Divorce And Your Credit (Part 2)
In my last post I covered the fact that a divorce decree does not relieve either party from joint debt. The idea of divorce is to sever emotional ties and financial ties. If you are not careful, or you have a vindictive ex-spouse you once clean credit report can become a hindrance for years to come. Carrying joint debts into a divorce is just asking for trouble.
Most of the time the mortgage is a joint account, at the time of divorce it is usually awarded to one party or the other in the divorce decree. If this is not handled properly, the person that did not get to keep the house can suffer the effects of late payments that there ex-spouse is making or any other bad credit marks associated with the house, including foreclosure. Here are some things you can do prior to the divorce being final.

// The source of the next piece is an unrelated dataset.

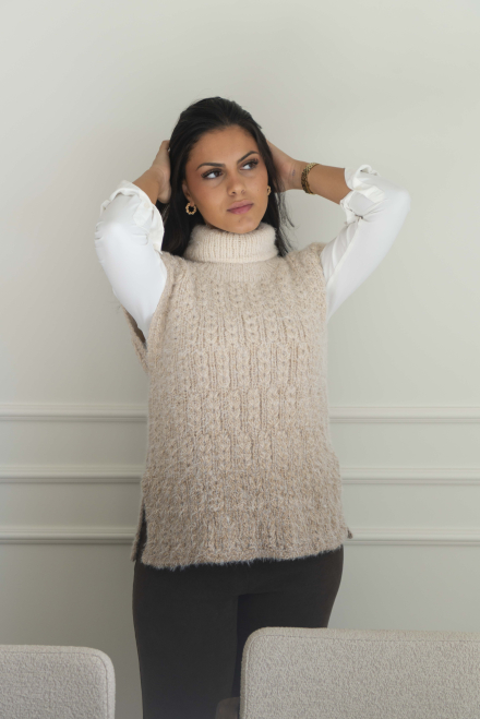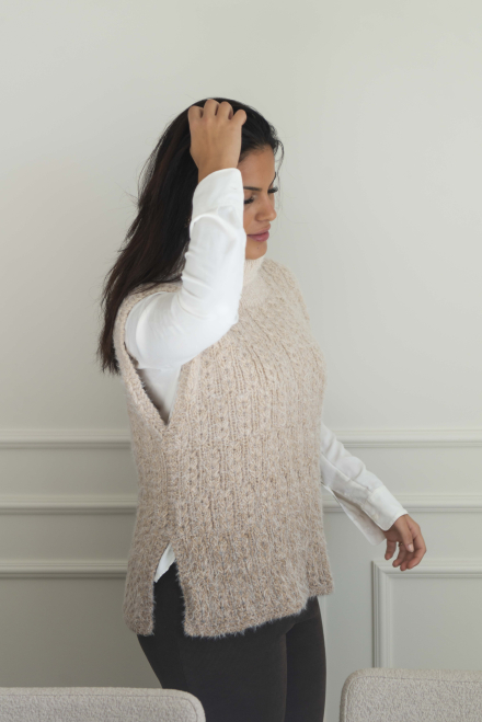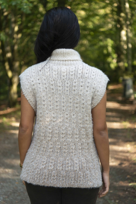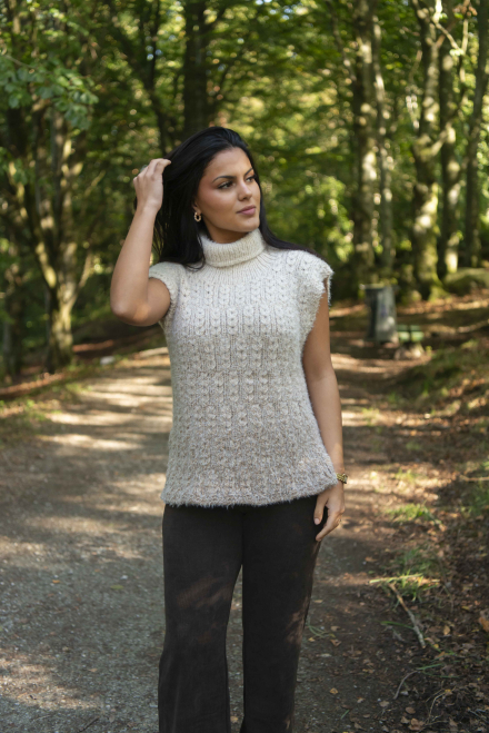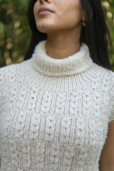 Glattstrikk, rett, vrang, hullmønster/struktur. /  Plagget strikkes rundt nedenfra og opp, og deles ved ermehullene for så å strikkes frem og tilbake. / Vanskelighetsgrad; Lett Øvet

Ideally you need to sell the house and split the equity. This will not work in all cases. It is best if the selling occurs prior to the divorce being final. If you have an agreement that the ex must sell the house within a certain period of time, they can make it difficult to sell if they are not eager to sell. There won’t be much you can do about it.
If one spouse is going to keep the house after the divorce, insist on them refinancing it in their name only. Ideally, this needs to be prior to the divorce being finalized. Even if it is written into the decree that they must refinance within a certain amount of time, it is not really enforceable.
The worst possible scenario is that selling or refinancing is not an option. This is where most people find themselves when divorcing with children. They will not put the person out of the house that has custody of the children because it would cause undo hardship and in a lot of cases the spouse is unable to qualify for a refinance on their own. You will hear some of the “experts” say that you can file a quit claim deed and relieve yourself of all responsibility of the house, well it doesn’t quite work that way. What you do is actually relieve yourself from ownership but do not relieve yourself from the debt, so filing a quit claim deed is not a good idea. Try to set a time for the ex spouse to sell the home, for example if your children are in their teens try to set the time to sell for when they are over 18 and moved out so as not to cause the hardship on your children. One other thing you should do is notify the mortgage company of the situation, even though it is not going to take you off the loan, you can still have them contact you in the event of a late payment or something and try to do damage control directly with them. This has worked fairly well for me. My ex has made some late payments and they notified me, I talked to them and they have not reported the payments as late on my credit report, but they do on hers. In fact, Wells Fargo has altogether quit reporting any payments to my credit report whether good or bad.